Это великолепно. Это феерично: застыть на границе какой-то хрени с двумя призраками, говорить о вечном и понимать, что это все — в моей голове. Я четко осознаю, что это бред. Я брежу о гребаной этике, это безумие, и нечего тут разводить дебаты о гранях человеческого.
Я понимаю, что вопреки всему-всему: вопреки режущей тоске по Рей, вопреки бандитам, Нагисе и коллегам из управления, вопреки собственным желаниям —
Я снова жив.
*no signal*
Вокруг была подсвеченная снизу оранжевая жидкость. Я висел в ней, и в мареве просматривалась какая-то ерунда — трубки, катетеры, зажимы, манипуляторы. А прямо передо мной за толстым стеклом стояли темные силуэты.
Ничего не болит. Это хорошо, и это главное.
"Я в LCL". Стоило мне оформить эту мысль, как жидкость забурлила, и через секунду волосы налипли мне на лицо: "универсальную кровь" спускали. LCL вязкими струйками стекала с оборудования, с зажимов, которые меня держали, она оплывала по мне, теплая и противная, и хотелось протереть глаза — в них все плыло и колебалось из-за пленки, которую не получалось сморгнуть.
"Я жив".
Потом был душ — горячие плети дезинфицирующего раствора. Потом меня поставили на пол, а потом наконец я выпал куда-то наружу, прямиком в мохнатое большое полотенце.
"Как будто просто из ванной вышел".
— Стоять можете?
Я кивнул. Вроде могу. У голоса не было интонаций, кроме общей вопросительной, не было модуляций и не было пола даже. Я убрал полотенце от лица и осмотрелся. Серый небольшой зал, стеклянная стена, из-за которой я выпал, уползает на место, медоборудование за ней втягивается в потолок. Буднично как-то.
— Назовите себя.
Я обернулся: все же парень, какой-то унылый типчик в бледно-зеленом лабораторном скафандре. Сложный модуль на ухе — лупы какие-то, спектропреобразователи... Это не врач. Это ученый.
— Икари Синдзи, старший лейтенант управления блэйд раннеров, — я скривился: словно бы водопад воспоминаний, целый ледяной ад памяти ухнул прямо на меня. Я кивнул себе и добавил:
— Бывший. Что со мной?
— Одну минуточку.
Врач-ученый просто повернулся и вышел, дверь за ним закрылась, и недвусмысленно загорелся красный огонек на замке.

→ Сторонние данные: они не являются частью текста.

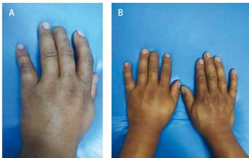
Figura 1. A: Se observa herida en quinto dedo de la mano izquierda. B: Comparativamente, hay un aumento de volumen en la mano izquierda.

En la radiografía de mano izquierda se observó enfisema subcutáneo (figura 2). El paciente recibió como terapia empírica cefazolina 1g EV c/8 h. Luego de 36 h se observó una disminución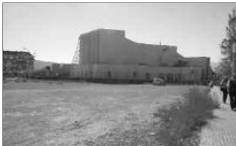
El Palacio de Justicia se ubicará al lado del Centro Cultural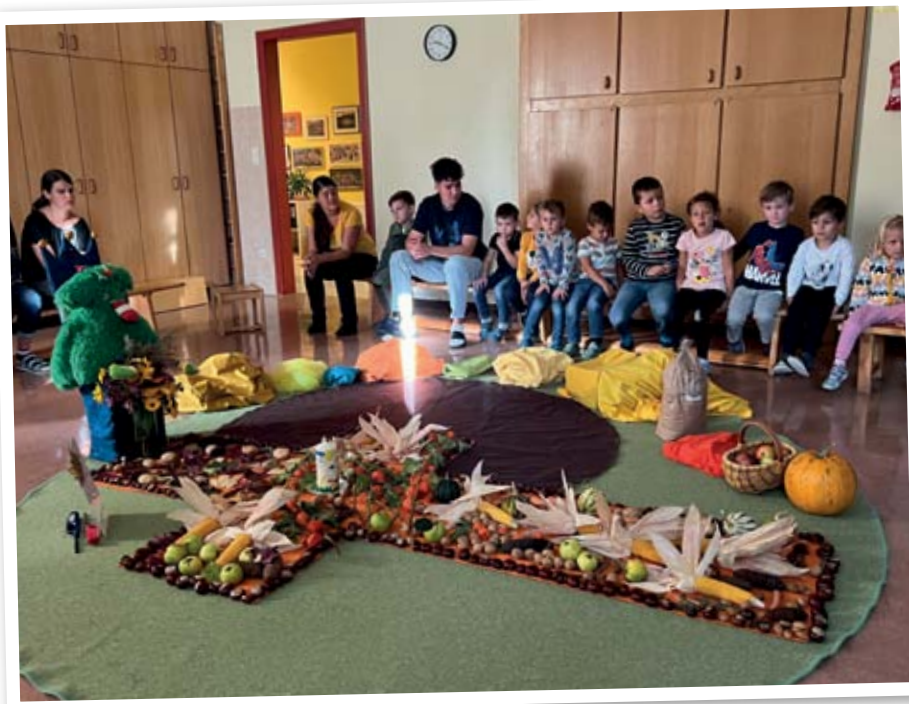
WIR feierten unser ERNTEDANKFEST!

Licht könnten die meisten Lebewesen der Erde nicht existieren. Wir brauchen das Licht zum Leben, wie die Luft zum Atmen.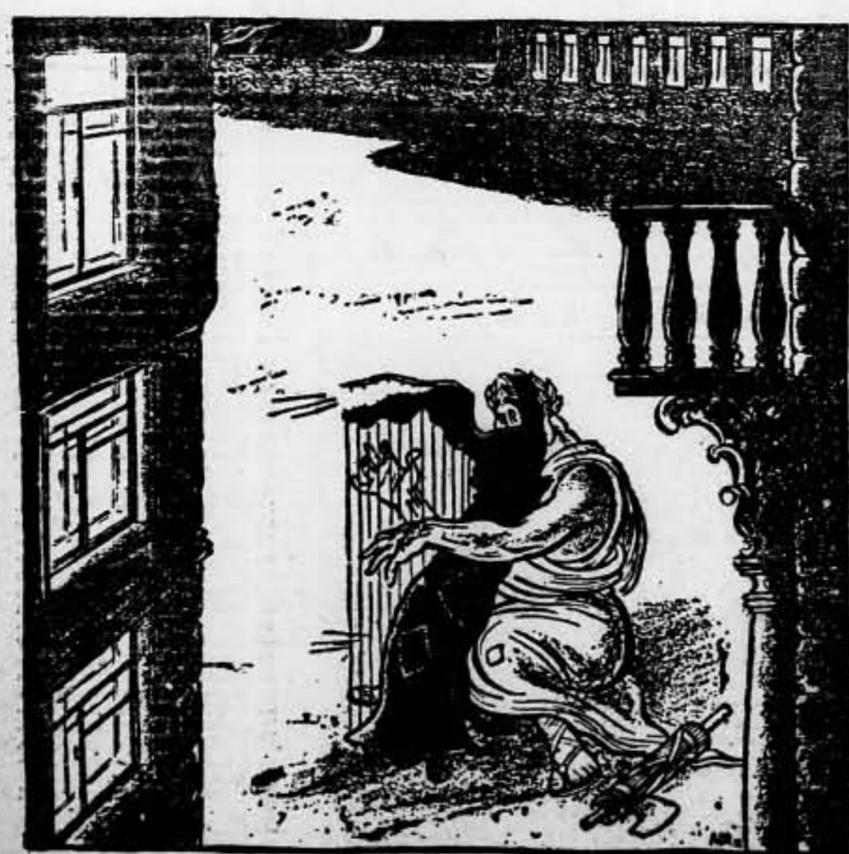
Mussolini improvisa un arpa con la bota italiana, mientras espera incendiar el Mundo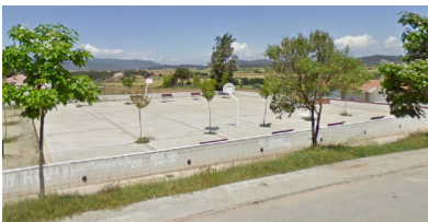
Plaça Primer d'Octubre: en record dels fets succeïts el passat dia 1 d'octubre de 2017.

En el procés participatiu s'han validat els vots d'un total de 372 ciutadans majors de 18 anys i empadronats al municipi. En el cas de la plaça situada a Pineda de Bages, el nom escollit ha estat Plaça Primer d'Octubre per un clar marge de vots, obtenint-ne un total de 205 vots. En segon lloc ha quedat Plaça de la Llibertat amb 127 vots. Altres noms que han obtingut vots han estat Plaça Maurici Serramallera, Plaça de la República, Plaça Marie Curie o Plaça Frida Kalho, entre altres.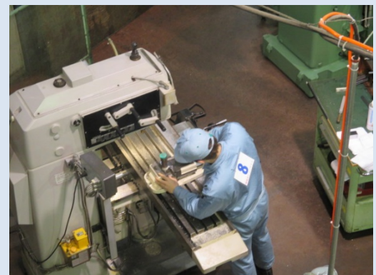
加工技術コンテスト競技会風景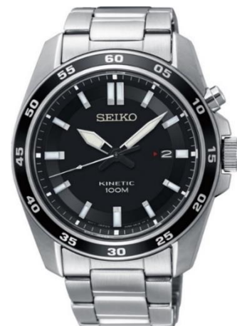
SKA785P1 UVP: 279 Euro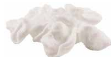
06 · NUVOLETTE DI DRAGO | € 2,50 Croccanti chips di tapioca e frutti di mare allergeni: 1-2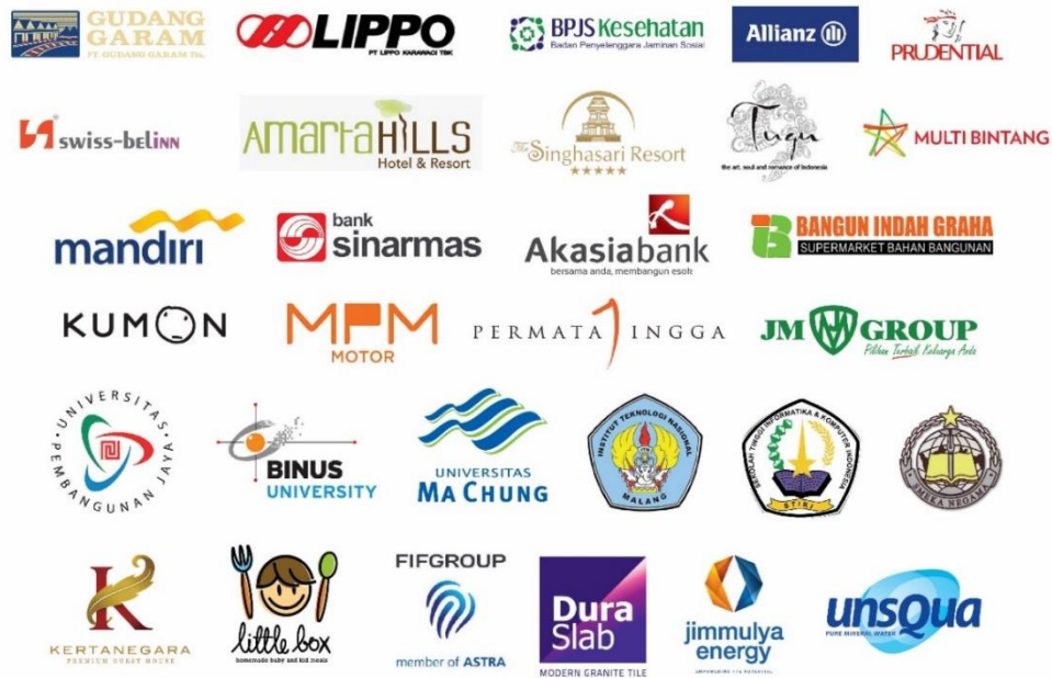
Gambar 2. 3 Client Perusahaan

А я так и остался стоять в полотенце посреди тихо гудящего серого зала. "Ну, раз уж пауза..." Больница? Вряд ли. Реанимационные боксы совсем другие. Значит, исследовательский институт.
Я почесал грудь и заглянул под полотенце. Так и есть: длинный шрам, значит, — открытая операция на сердце. Еще что? Какое-то странное ощущение за ухом. Я ощупал голову и обнаружил выбритый пятачок почти на затылке. Имплантат в мозг, значит. Еще один. И где там теперь этот самый мозг помещается — черт его знает. Правда, ничего нового я пока в себе не ощущаю, но это ни разу не показатель.
Вопрос номер N: как долго я здесь пробыл. Трюк с проверкой длины щетины не получился, меня, похоже, побрили. Шрамы тоже ни о чем не говорят. Я сел на пол, подложив как можно больше полотенца под себя. Значит, будем ждать.
И думать.
Аянами. Кацураги. Сорью. Нагиса. Дикое ощущение, что все они остались у меня в прошлом. Где-то там, до этого бака с медтехникой. Мелькнула мысль, что из меня просто вырезали тот самый колючий комок, и я даже хохотнул. Хохотнул — и сам испугался: это был сухой смех, больше похожий на кашель человека с усохшими легкими. Или на смех специала. Или на смех машины. Или...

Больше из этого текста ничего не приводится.